The Hidden Oracle – Book Review
A short while ago I read a book named “The Hidden Oracle”. “The Hidden Oracle” is a book written by Rick Riordan and is the first book in the new series called “Trials of Apollo”. The book was published on May 3rd, 2016, by Disney-Hyperion and has sold about 62 000 copies since then. “The Hidden Oracle” is based on Greek mythology and is a spin-off of the previous “Percy Jackson” series. In this book, we get to revisit the world of Percy Jackson and experience the action, drama and adventure that comes with it.
Apollo is being punished by his father, once again. But, how is a god punished you might wonder? Well, by making him a mortal. After infuriating his father, Zeus, the god Apollo is cast down from Olympus. Confused and powerless, he lands in a New York dumpster in the form of an acne-covered sixteen-year-old mortal. The formerly praised god Apollo is now an awkward teenager named Lester Papadopoulos. Now, without his godly powers, the four-thousand-year-old god must learn to survive in the modern world until he can somehow regain Zeus’s favor, (which usually would involve a series of excruciating trials).
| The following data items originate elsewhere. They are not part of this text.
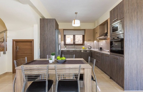 Free parking space outside the Villa • Property is well-equipped with: Fridge with freezer, Electric stove, Filter coffee machine, Frappe Machine, Kettle, Toaster, Microwave, Juice Maker, Dishwasher, Washing Machine, Iron & Ironing Board, Hair Dryer, First Aid Kit, Smoke Detector, Fire Extinguisher.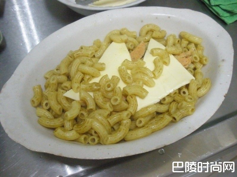3把煮熟的通心粉倒入锅内,轻轻拌炒,让通心粉全部裹上咖哩酱,可加适量盐及味素调味。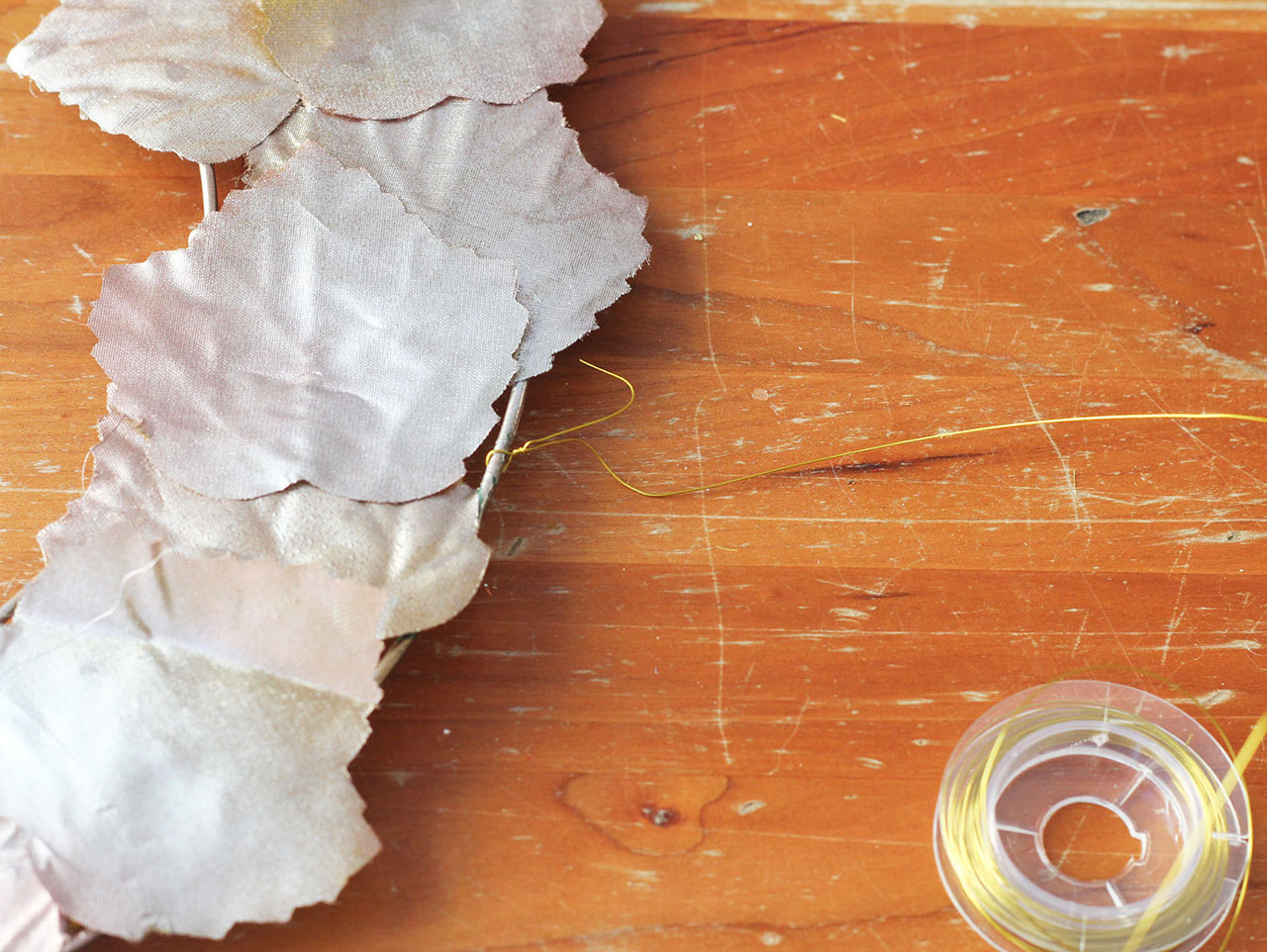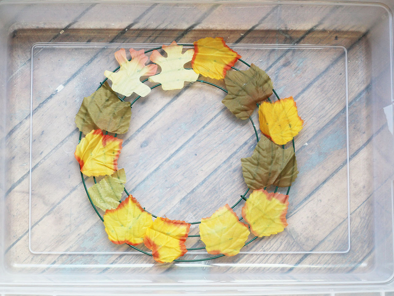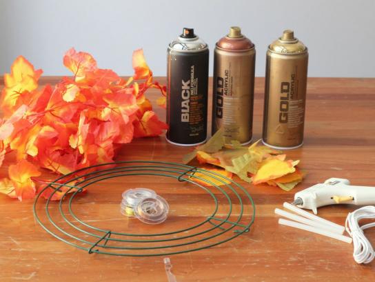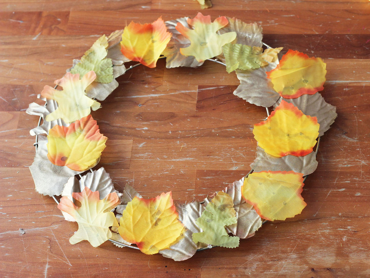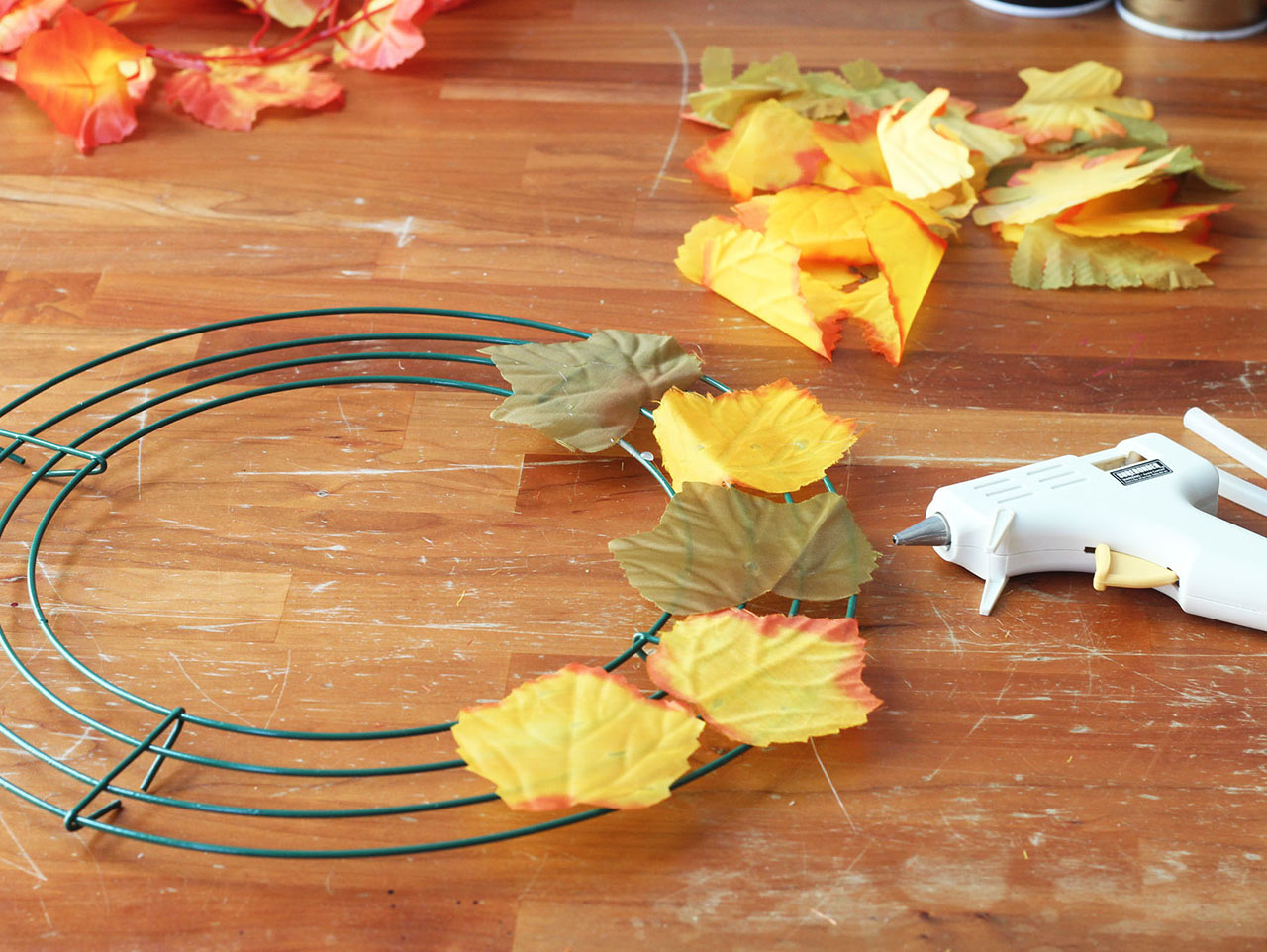 Hot glue the loose leaves onto the wreath frame. Try not to overlap the leaves.

The only way Apollo can reclaim his rightful place on Mount Olympus and regain his father’s favor is by restoring several Oracles that have gone dark. Apollo needs help, and he can think of only one place to go… Camp Half-Blood. Apollo persuades Percy Jackson to give him a lift to Camp Half-blood, but the place is in chaos. Demigods are going missing and the all-seeing Oracles have fallen to a mysterious enemy known only as the “Beast”. Apollo goes on a quest to protect the final hidden Oracle. If he fails, the “Beast” will control the future and even worse… HE WILL BE STUCK AS A TEENAGE BOY FOR ALL ETERNITY!
In this book, Apollo decides to share with us the challenges he must confront in his new body. The book is written in Apollo’s point of view, which makes it easy to understand his perception and approach. The structure of the book is chronological with a few flashbacks in between to remind us of the previous stories. The use of language is very simple but detailed which makes it both easy and interesting for a younger audience to read.
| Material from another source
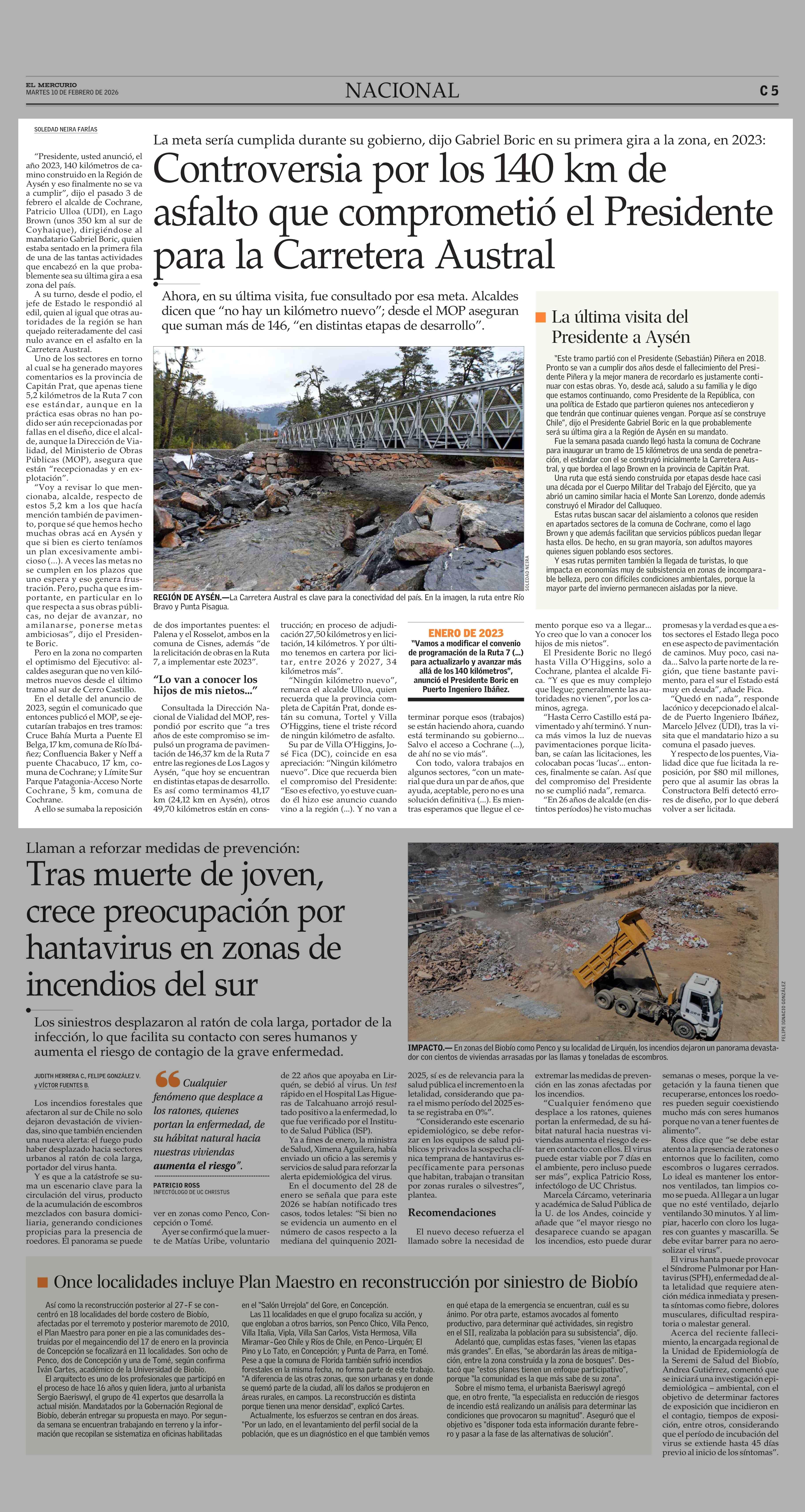 Controversia por los 140 km de asfalto que comprometió el Presidente para la Carretera Austral 10-02-2026 El Mercurio |

A variety of themes are covered in this book such as identity, good vs evil, friendship as well as courage, but the one theme that stands out the most is character growth. In the beginning, Apollo starts out as an arrogant teenager. Even though he has become mortal he still believes he is as mighty as he previously was, and he therefore looks at other mortals including his friends, as less worthy. Over time, he realizes the value of friendship and develops an open-minded side. Apollo’s friends play an important role in his character growth and his understanding of the life of humans. Especially Racheal, when she says “Things can turn out differently, Apollo. That’s the nice thing about being human. We only have one life, but we can choose what kind of story it’s going to be.”
All in all, “The Hidden Oracle” is a vastly entertaining book and is one of the best books I have ever read. Before digging in, it would help you if you read the previous books considering that there are ten of them and that the storyline picks up after the last book. “The Hidden Oracle” is a book I would recommend if you seek action and adventure. The book suits best for the age group thirteen and above and I give it four stars out of five.